Ethanol switch raises prices

Sam Fletcher
Senior Writer

Crude futures prices shot up 19% from early March through late April, with the June contract for benchmark US light, sweet crudes closing at a record $75.17/bbl on Apr. 21, up by $1.48 for the day after trading at $72.73-75.35/bbl during that session on the New York Mercantile Exchange.

However, US gasoline retail prices escalated by some 30% during the same 2-month period. That contributed to the rally of crude prices as traders feared supply disruptions from refiners' switching from methyl tertiary butyl ether to ethanol as a gasoline oxygenate and octane booster.
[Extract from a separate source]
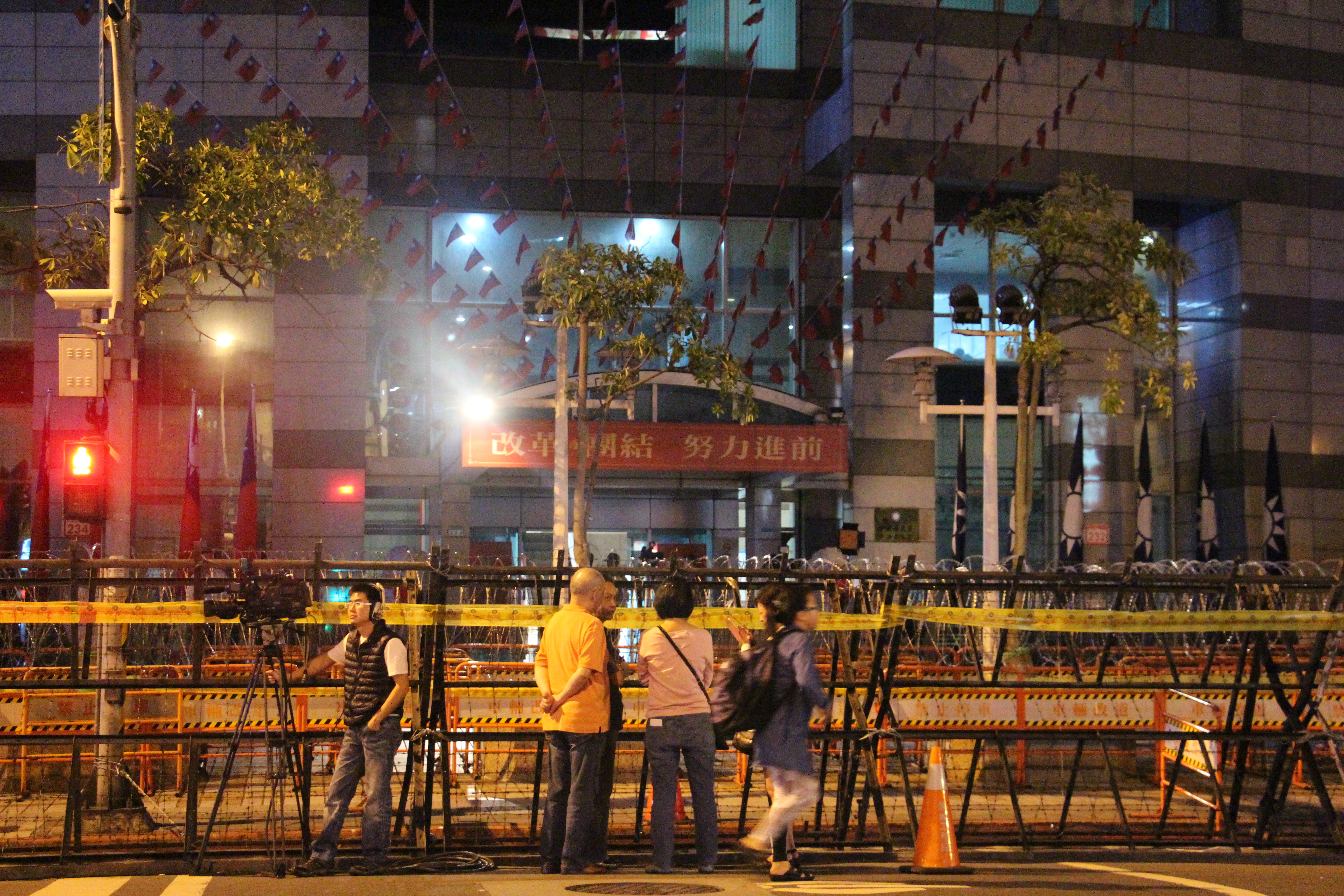 國民黨九合一選舉慘敗,台北警方在國民黨總部外架起重重鐵馬,嚴防衝擊。

"A few of the bigger concerns include: Is there enough ethanol production to meet the new standards? Is there enough transportation infrastructure (rail cars, tankers, etc.) to move the ethanol to the blending areas? And will there be gasoline contamination issues within existing gasoline storage tanks as the industry draws down MTBE inventories and reloads with ethanol inventories?" said J. Marshall Adkins in Raymond James's Houston office.

"What we do know is that the change in gasoline formulas has left the market on edge," said Adkins. "For that reason, speculators have bid up the price of gasoline in recent weeks to capitalize on any disruptions."

In an Apr. 24 report, Adkins said, "While we believe there is the potential for localized gasoline shortages in the coming weeks, the probability of widespread shortages is remote, and the low gasoline inventory situation should improve through the summer. However, volatility in the gasoline market should help keep oil prices at or near record levels into the June timeframe, at which time the markets will then become more concerned with new sulfur regulations in distillate fuels such as jet fuel, heating oil, and diesel."

Reduction of supplies of reformulated gasoline (RFG) has already had an effect on gasoline prices, with traders bidding the price of RFG to "one of its highest spreads (compared to regular gasoline) in recent history," said Adkins. RFG usually trades at a small premium to regular gasoline, but that spread recently widened to more than 10¢/gal and could increase.

The rally in gasoline prices should help East Coast refiners such as Sunoco Inc., which suffered through a dismal winter market for heating oil due to record warm temperature. But Sunoco is likely to benefit in the second quarter as the changeover from MTBE to ethanol supports strong East Coast refining margins, said Jacques Rousseau, senior energy analyst at Friedman, Billings, Ramsey Group Inc., Arlington, Va.

Ethanol imports
Advocates have pushed for increased use of ethanol as a boon for US grain farmers and distillers. But Adkins noted, "The US will not be self-sufficient in its production of ethanol and will need to import additional supply from places like Brazil to meet RFG fuel standards." He said, "We believe that there will be plenty of ethanol available for blending given the right (higher) price, but higher ethanol costs will be passed on to RFG consumers, again adding upward pressure to gasoline prices."

He said, "While there appears to be enough ethanol available in world markets, the true problem in switching additives comes from the inability to use infrastructure designed for MTBE-mixed gasoline to transport ethanol-mixed gasoline to the consumer." However, Adkins said, "The increase in ethanol imports is expected to tax our rail, port, and tanker infrastructure. Additionally, ethanol-blended RFG must be transported and stored in different infrastructure from MTBE-blended RFG. Rail cars and tanker trucks must be calibrated to carry ethanol RFG, and ethanol-mixed RFG cannot be transported through MTBE-mixed RFG pipelines. All these restrictions could result in localized gasoline shortages should some infrastructure be unable to handle the new ethanol-blended RFG volumes."

Meanwhile, prompted by possible gasoline supply shortages in the five-county Philadelphia area, Pennsylvania Gov. Edward G. Rendell asked the Environmental Protection Agency for a temporary waiver allowing gasoline suppliers to sell fuel in that area that does not meet RFG guidelines. "We have information indicating that a major gasoline supplier in the Philadelphia area is reporting more than 160 'delivery-needed' alarms, and many more fuel outlets reporting that supplies are nearly exhausted," Rendell said in an Apr. 21 letter to the EPA. "In light of the circumstances, the requested [waiver] is clearly necessary to serve the public interest." Rendell also held a press conference at a retail gasoline outlet in Harrisburg, Pa., where he called on the federal government to protect consumers against gasoline price spikes.